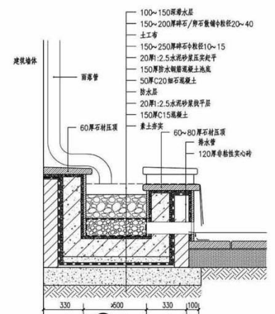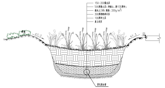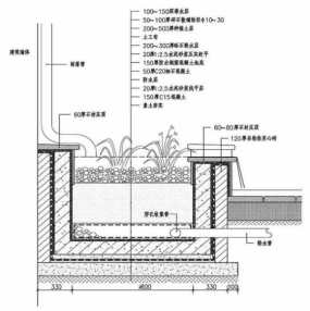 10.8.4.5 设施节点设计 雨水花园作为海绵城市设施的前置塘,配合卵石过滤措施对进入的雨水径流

--

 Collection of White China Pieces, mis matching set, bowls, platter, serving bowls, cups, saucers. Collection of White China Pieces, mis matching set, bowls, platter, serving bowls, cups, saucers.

--

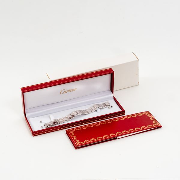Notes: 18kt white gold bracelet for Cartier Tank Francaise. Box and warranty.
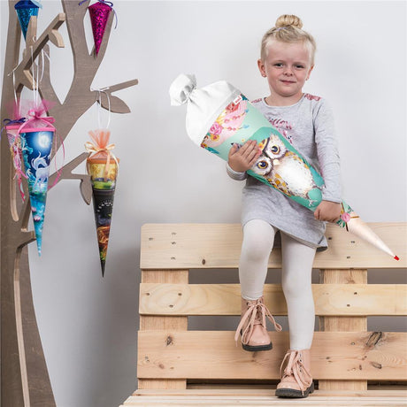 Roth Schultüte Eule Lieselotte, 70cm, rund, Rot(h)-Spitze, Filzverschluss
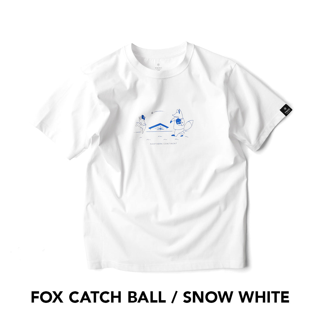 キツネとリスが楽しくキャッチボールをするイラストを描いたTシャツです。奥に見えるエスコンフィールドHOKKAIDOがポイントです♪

#### [Problem statement]
Above are the records; restate exactly the lines from the one containing "Notes: 18kt white" through the one containing "キツネとリスが楽しくキャッチ", keeping pictures out.

#### [Output of the task]
Notes: 18kt white gold bracelet for Cartier Tank Francaise. Box and warranty.
 Roth Schultüte Eule Lieselotte, 70cm, rund, Rot(h)-Spitze, Filzverschluss
 キツネとリスが楽しくキャッチボールをするイラストを描いたTシャツです。奥に見えるエスコンフィールドHOKKAIDOがポイントです♪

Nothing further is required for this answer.